TASK INPUTS section start
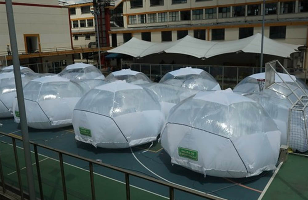 Los domos inflables tienen además la ventaja de permitir tener un contacto con el exterior a los pacientes hospitalizados con covid, pues los domos transparentes les permiten visualizar el exterior.
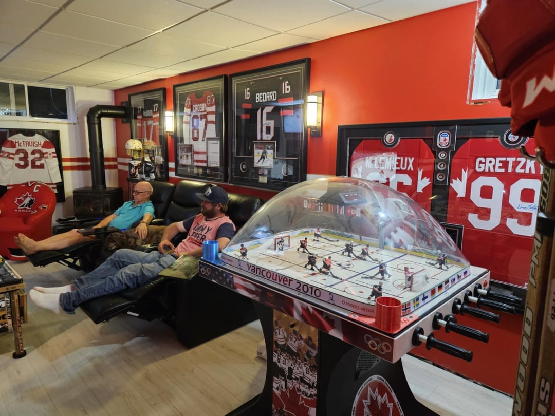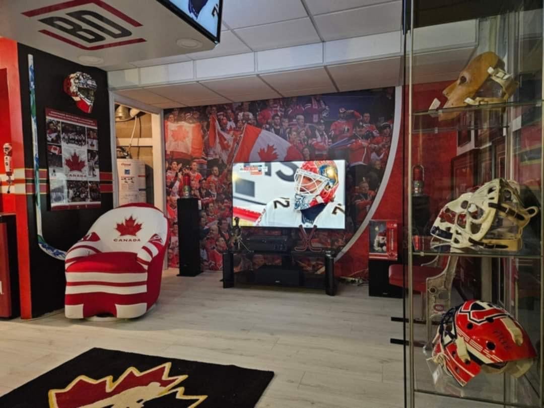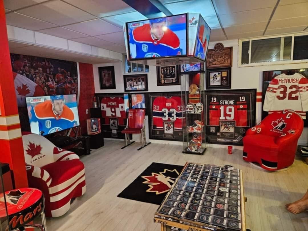 As the number one fan of the Sudbury Wolves and Team Canada at the World Juniors, Eric has traveled to countless games, from Toronto to Montreal, Buffalo to Ostrava, Gothenburg to Ottawa. But Eric's dedication goes beyond just attending games. He recently completed a brand-new, fully renovated basement dedicated to his beloved teams – the "Beaudry Hockey Den".
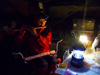 中央テントの隣では濃厚なる湯話が繰り広げられており、中央テントではおしんこどんの篠笛&笛トライアル。皆さん四苦八苦?
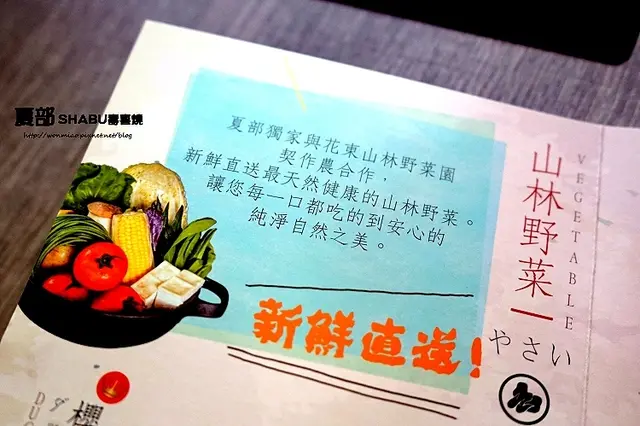 這回來到夏部壽喜燒,菜單上白紙黑字清楚標明了新鮮直送花東山林野菜,
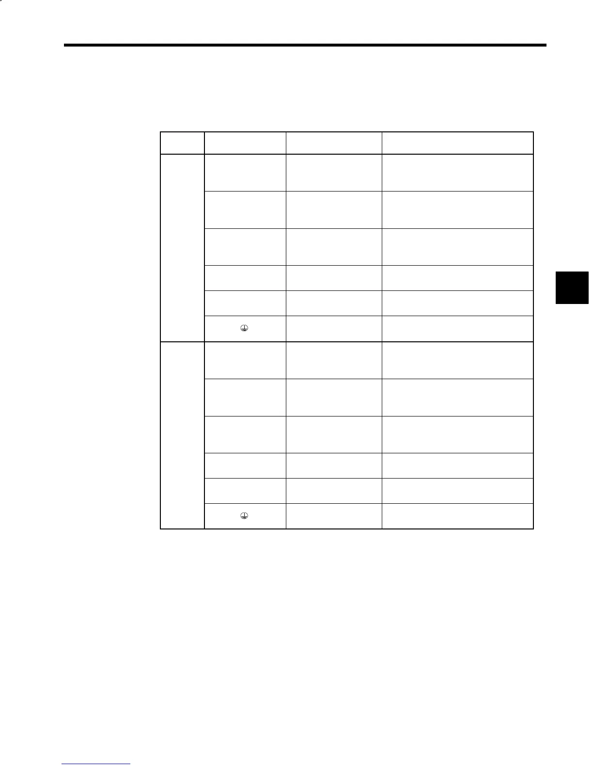The following tables outline the functions of the main circuit terminals.
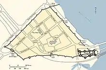 Les historiens ont longtemps considéré que la conception des défenses de Caernarfon était inspirée des bastides, ces villes nouvelles créées à l'époque en France (y compris en Guyenne, possession des rois d'Angleterre) qui se caractérisent par leur plan de rues en damier et leurs défenses qui comprennent à la fois une enceinte et un château[7]. Des travaux plus récents ont mis en évidence une influence davantage anglaise dans la création des villes nouvelles édouardiennes[8], en particulier par l'utilisation d'un plan de rues en T perpendiculaire à un cours d'eau ou au littoral, avec le château généralement situé à l'un des coins opposés du T[9]. Ainsi, le plan de rues de Conwy est le reflet inversé de celui de Beaumaris, une autre fondation galloise d'Édouard Ier[10].
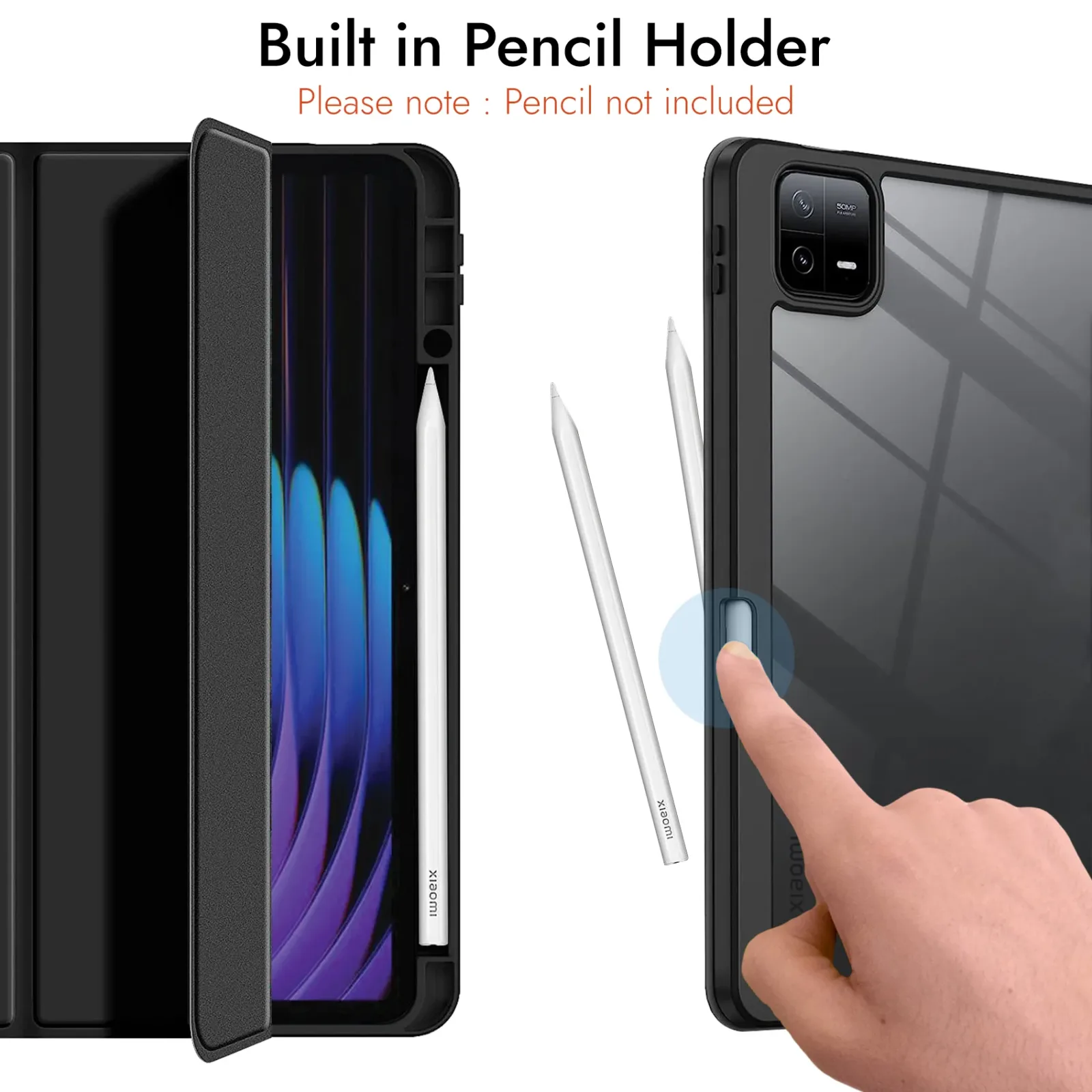 Premium Material with Transparent Hybrid Back : Crafted with the utmost attention to detail, this for Xiaomi Pad 7 cover boasts a high-quality construction. The exterior, composed of durable materials, now features a transparent hybrid back, showcasing the sleek design of your Mi Pad 7. The interior maintains a soft lining to safeguard your tablet from potential scratches and impacts.
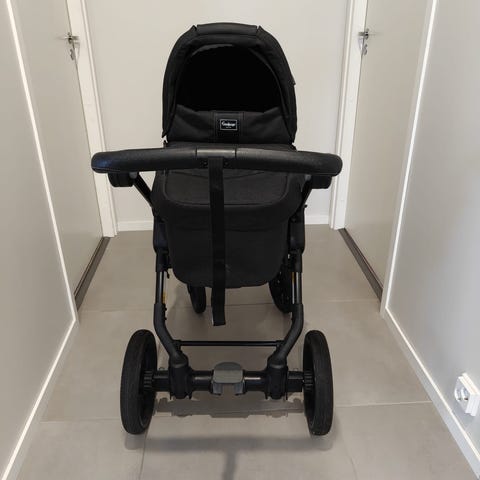 Vaunuissa on suuret ilmakumirenkaat ja säädettävä työntöaisa. Mukaan tulee myös toiset etupyörät, jotka ovat umpikumea. Kaikki renkaat ovat hyvässä kunnossa ja etupyörät saa tarvittaessa lukittua.
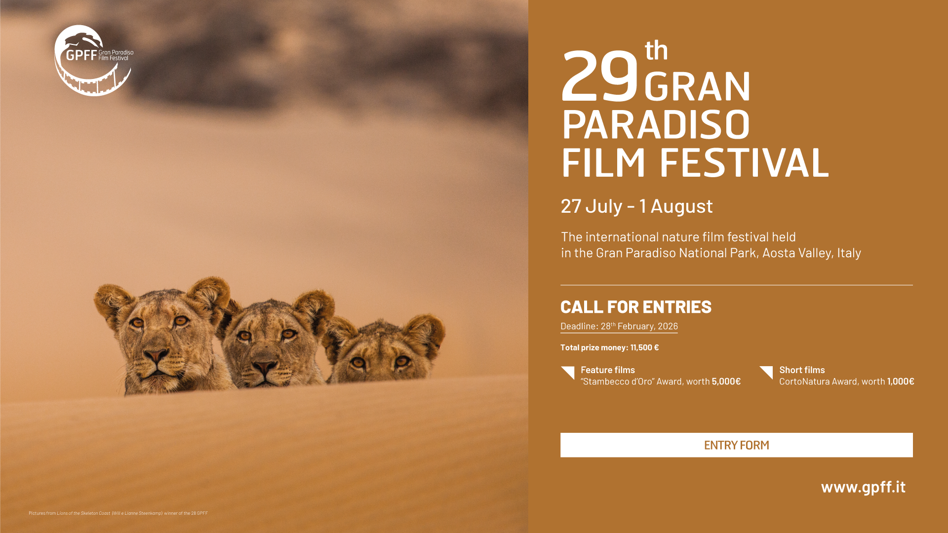 Fondation Grand Paradis comunica l’apertura delle candidature per il 29° Gran Paradiso Film Festival, concorso internazionale di film dedicati alla natura e alle tematiche ambientali. La 28ª edizione del Festival si è conclusa con successo, confermando la volontà di proseguire nel solco tracciato dall’evento: promuovere la sensibilizzazione del pubblico alle tematiche ambientali e valorizzare le straordinarie immagini e narrazioni proposte da registi provenienti da tutto il mondo.
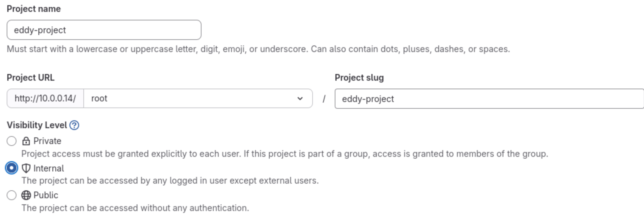 Visibility Level: 选择可见性级别(Private/Internal/Public)
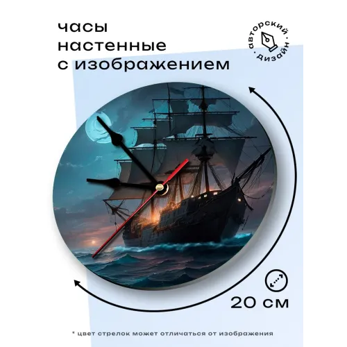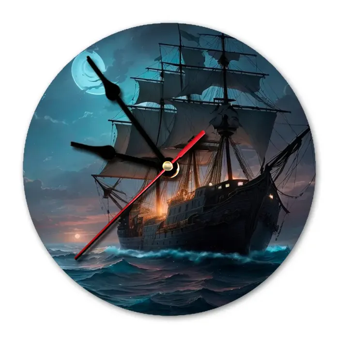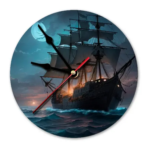 Настенные часы с изображением парусника и полнолуния. Циферблат диаметром 20 см выполнен из вспененного пластика ПВХ.
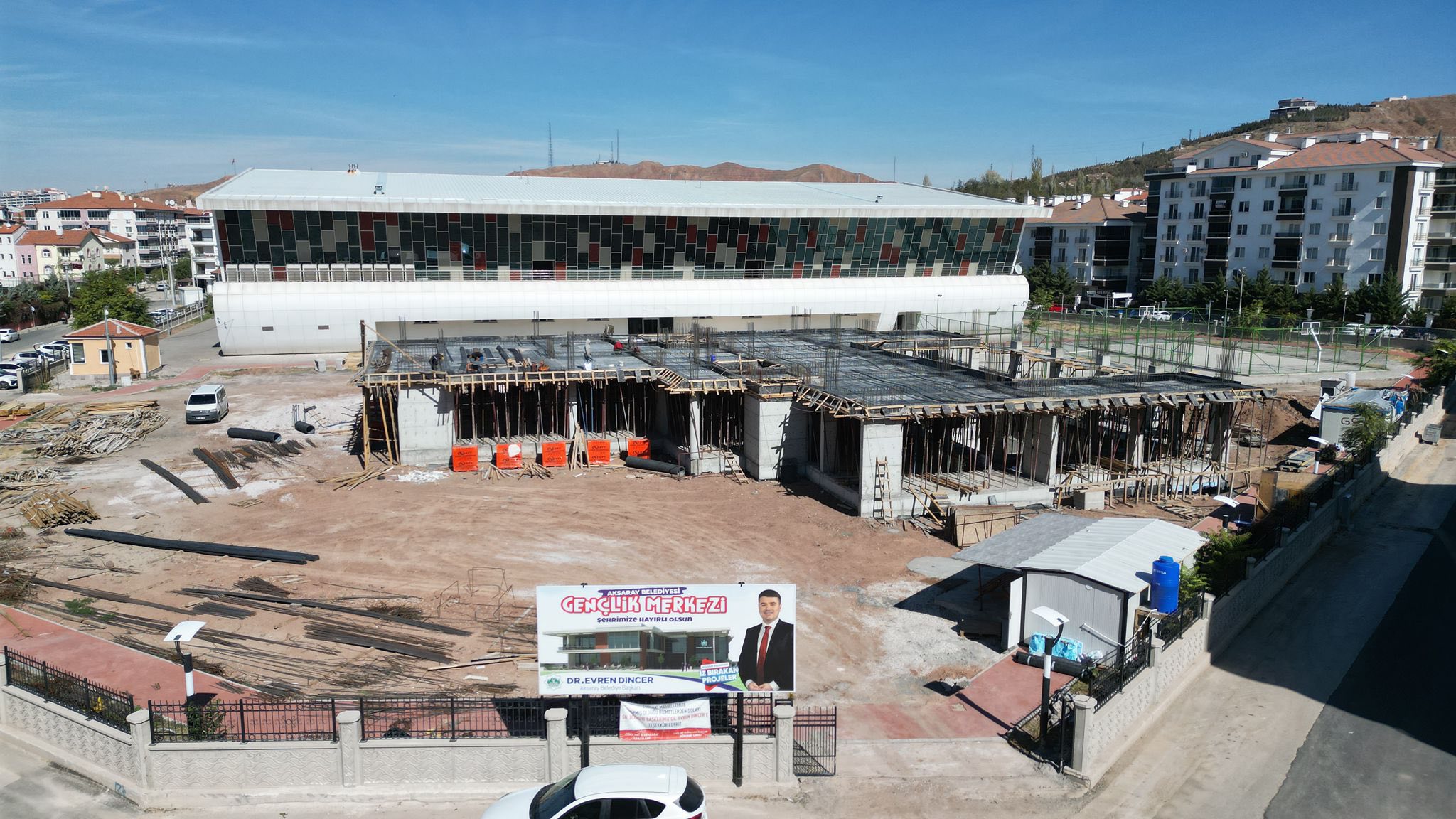 Aksaray Belediyesi tarafından geçtiğimiz aylarda temeli atılan projenin inşaatı hızla ilerliyor. İlk etapta perde beton ve taşıyıcı kolon imalatlarının tamamlandığı projede, ekipler ince işçilik ve tesisat montajlarına geçti. Modern mimarisiyle dikkat çeken yapı, tamamlandığında Aksaray’ın sosyal ve kültürel yaşamına değer katacak.
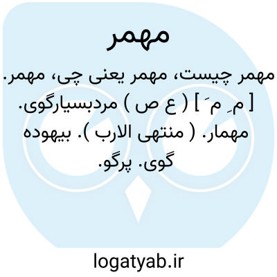 مهمر. [ م ِ م َ ] ( ع ص ) مردبسیارگوی. مهمار. ( منتهی الارب ). بیهوده گوی. پرگو.
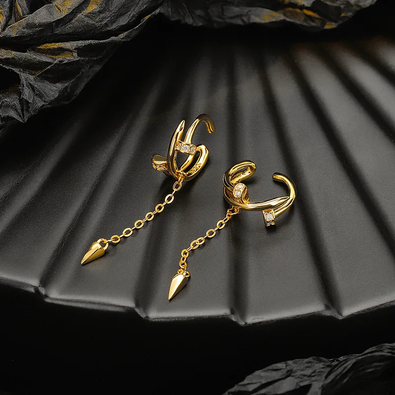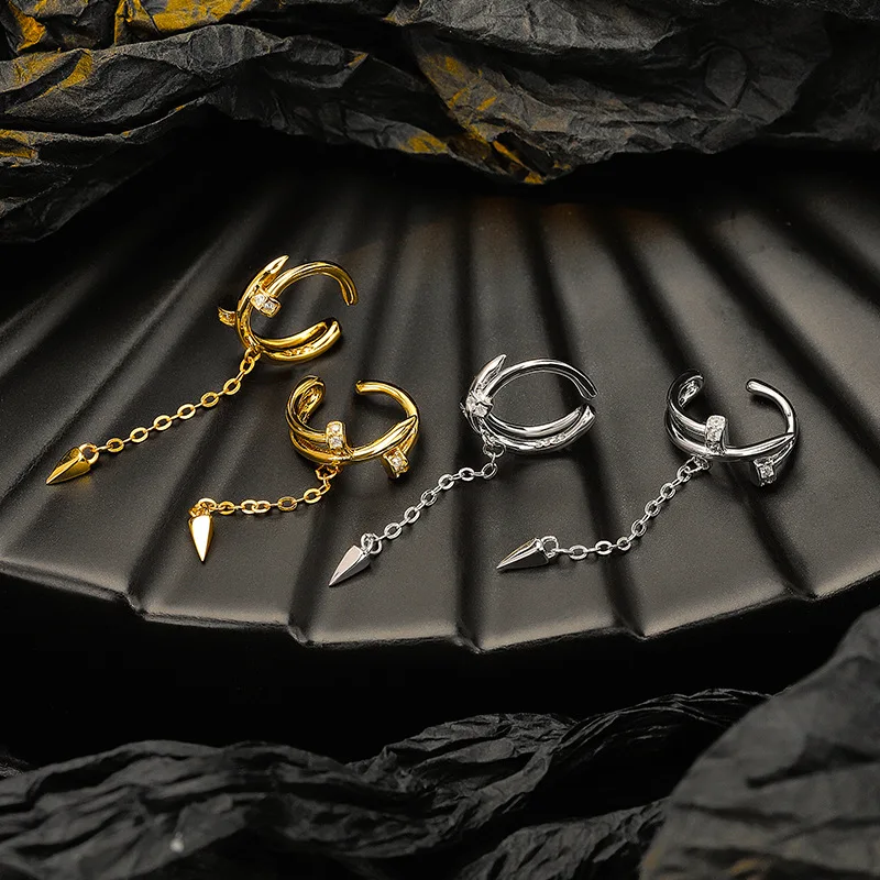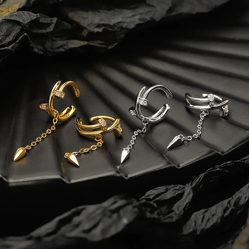 S925 Sterling Silver Diamond studded nail earrings for women without ear holes, sweet and cool long tassel ear clips
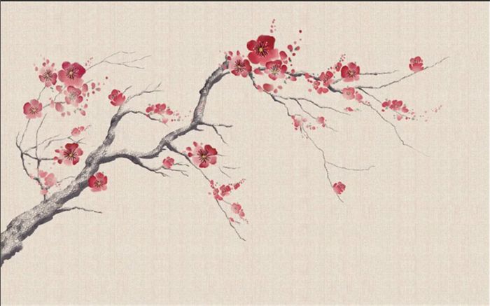 中式 | 新中式高清麻纹梅花花鸟背景墙ZHM-033
TASK INPUTS section end
• **THE PROBLEM**
The output must match, line for line, the span from the line containing "Vaunuissa on suuret" through the end of the data, with the pictures removed.

• **EXPECTED ANSWER**
 Vaunuissa on suuret ilmakumirenkaat ja säädettävä työntöaisa. Mukaan tulee myös toiset etupyörät, jotka ovat umpikumea. Kaikki renkaat ovat hyvässä kunnossa ja etupyörät saa tarvittaessa lukittua.
 Fondation Grand Paradis comunica l’apertura delle candidature per il 29° Gran Paradiso Film Festival, concorso internazionale di film dedicati alla natura e alle tematiche ambientali. La 28ª edizione del Festival si è conclusa con successo, confermando la volontà di proseguire nel solco tracciato dall’evento: promuovere la sensibilizzazione del pubblico alle tematiche ambientali e valorizzare le straordinarie immagini e narrazioni proposte da registi provenienti da tutto il mondo.
 Visibility Level: 选择可见性级别(Private/Internal/Public)
 Настенные часы с изображением парусника и полнолуния. Циферблат диаметром 20 см выполнен из вспененного пластика ПВХ.
 Aksaray Belediyesi tarafından geçtiğimiz aylarda temeli atılan projenin inşaatı hızla ilerliyor. İlk etapta perde beton ve taşıyıcı kolon imalatlarının tamamlandığı projede, ekipler ince işçilik ve tesisat montajlarına geçti. Modern mimarisiyle dikkat çeken yapı, tamamlandığında Aksaray’ın sosyal ve kültürel yaşamına değer katacak.
 مهمر. [ م ِ م َ ] ( ع ص ) مردبسیارگوی. مهمار. ( منتهی الارب ). بیهوده گوی. پرگو.
 S925 Sterling Silver Diamond studded nail earrings for women without ear holes, sweet and cool long tassel ear clips
 中式 | 新中式高清麻纹梅花花鸟背景墙ZHM-033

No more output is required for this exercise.